John Jianhong Zhu

Holistic technology optimization and key enablers for 7nm mobile SoC

We systematically investigated the impact of R and C scaling to 7nm node (N7) by accounting for FEOL and BEOL holistically. Speed-power performance of plainly scaled N7 turns out to be degraded compared to previous node. BEOL wire resistance (R_wire) multiplied by logic gate input pin cap (C_pin), R_wire×C_pin, is identified as a major limiter of performance and power at N7. Reducing C_pin is crucial to mitigate abruptly rising BEOL R_wire effect. Depopulation of fin is one of most effective methods to reduce C_pin, and scale the logic gate area. Air Spacer (AS) on transistor sidewall is proposed to further reduce C_pin, whose benefit is enhanced by reduction of other C_pin components. Careful choice of routing metal stack ameliorates adverse effect of R_wire. Wrap-Around-Contact (WAC) over Source and Drain of scaled fin pitch (P_fin) is needed to reduce transistor resistance (R_tr). Fin depopulation with other cost effective process innovations significantly improve Power-Performance-Area-Cost (PPAC) of N7, enabling continued scaling of mobile System on a Chip.

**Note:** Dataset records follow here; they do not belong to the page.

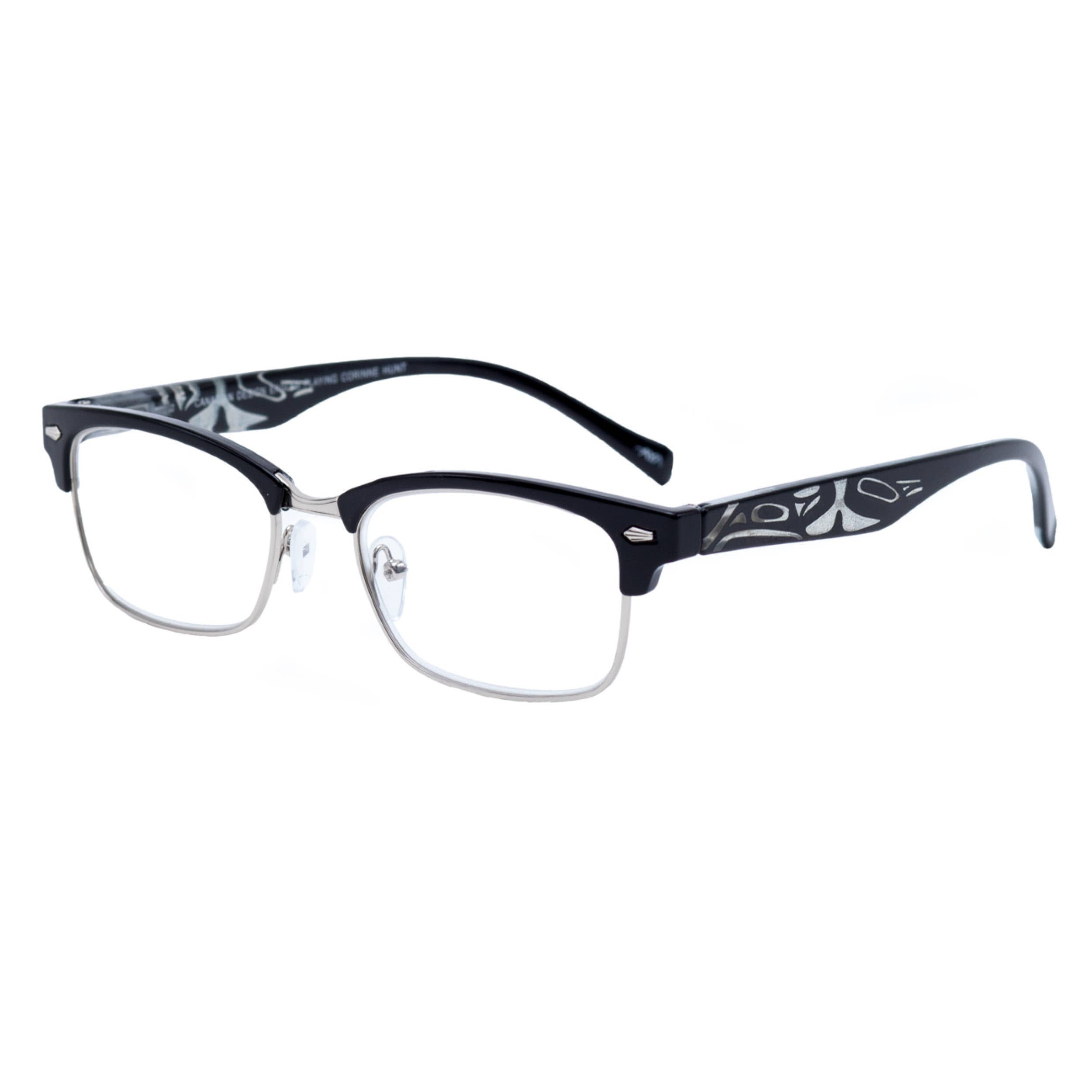 The Teagan reading glasses are unisex, fun and fashionable. They feature a bold bear design on the temples. Spring hinges have been incorporated into the design for extra comfort. The Bear symbolizes family, romance, longevity, harmony, travel, community and protection. Teagan is available in a duotone demi with turquoise and demi with black.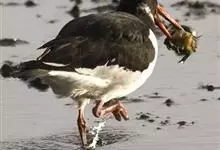 蛎鹬是鸻形目蛎鹬科蛎鹬属。蛎鹬的成鸟夏羽头、颈、胸和上体大部分为乌亮的黑色,腰到尾上覆羽白色,尾羽基部白色,端部黑色;翼上黑色,具有白横斑;下体胸部以下白色,翼下白色带黑缘;虹膜红色,啄和眼圈橘色,…全部>>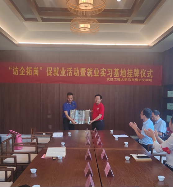 随后,双方在愉悦的交谈和热烈的掌声中进行了就业实习基地挂牌仪式,学院党委书记舒先林向公司董事长肖德雄进行授牌。最后,双方一致表示,希望今后在企业文化品牌提升和实践育人平台建设等方面进一步搭建桥梁、扩大交流、深化合作,共同开创校企合作新局面。(审稿:陈俊)
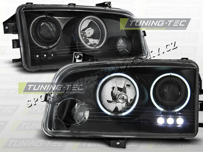 DODGE CHARGER LX 2006-10 PŘEDNÍ ČÍRÁ SVĚTLA ANGEL EYES CCFL BLACK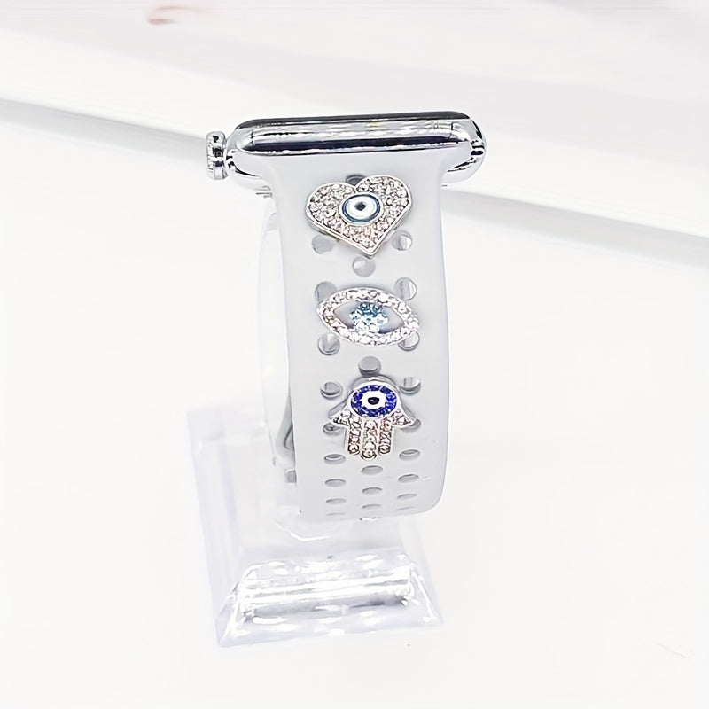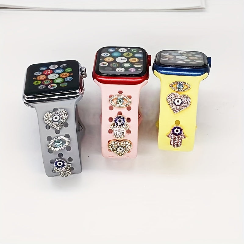 Add a touch of sparkle to your smartwatch strap with these Evil Eye series decorative accessories. Perfect for kids, holiday wear, and special occasions.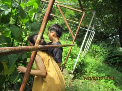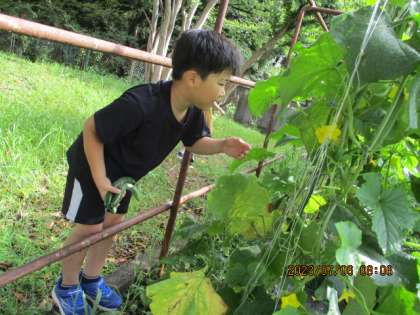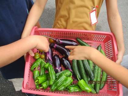 2年生の畑でたくさんの夏野菜が取れました。ちょっとした八百屋さんのようです。「きゅうりは3本でいくらにする?」「いやいや、1本50円です。」 やり取りが楽しいです。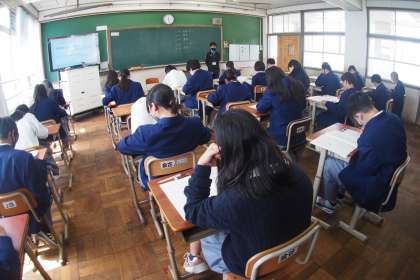 4月11日(火)の3・4時間目に、1年生はジョイントプログラムのテストに取り組みました。ジョイントプログラム・学習確認プログラムとは、京都市の小学校3年生から中学校3年生までの児童・生徒が、同じ日程で学習の定着状況の確認をテスト形式で行うものです。小学校ではジョイントプログラム、中学校では学習確認プログラムと呼んでいます。

Cost and power/performance optimized 20nm SoC technology for advanced mobile devices

A cost competitive 20nm technology node is described that enabled industry-first 20nm cellular modem chip with 2× peak data rates vs 28nm, and 2× carrier aggregation. Process and design enhancements for layout context optimization, and continuous process improvements resulted in 18% boost in circuit performance while simultaneously achieving >30% power reduction. 3 mask local interconnect and 64nm double patterning lower level metals - with yield-friendly single color pitch of 95nm and M1 special constructs with 90nm (=gate pitch) single color pitch for cell abutment - were used for achieving ~2× gate density. Single patterning 80nm pitch metal for routing levels was optimized for both density and performance. Active/passive device and double pattern metal mask count was optimized to reach process should-cost goals. Resulting technology provides cost reduction vs 28 HKMG per close to historical trend, and also cost-competitiveness vs 28 PolySiON. Leveraging of yield learning of this common back-end metallization results in up to 6 month pull-in of 16nm Finfet node yield ramp.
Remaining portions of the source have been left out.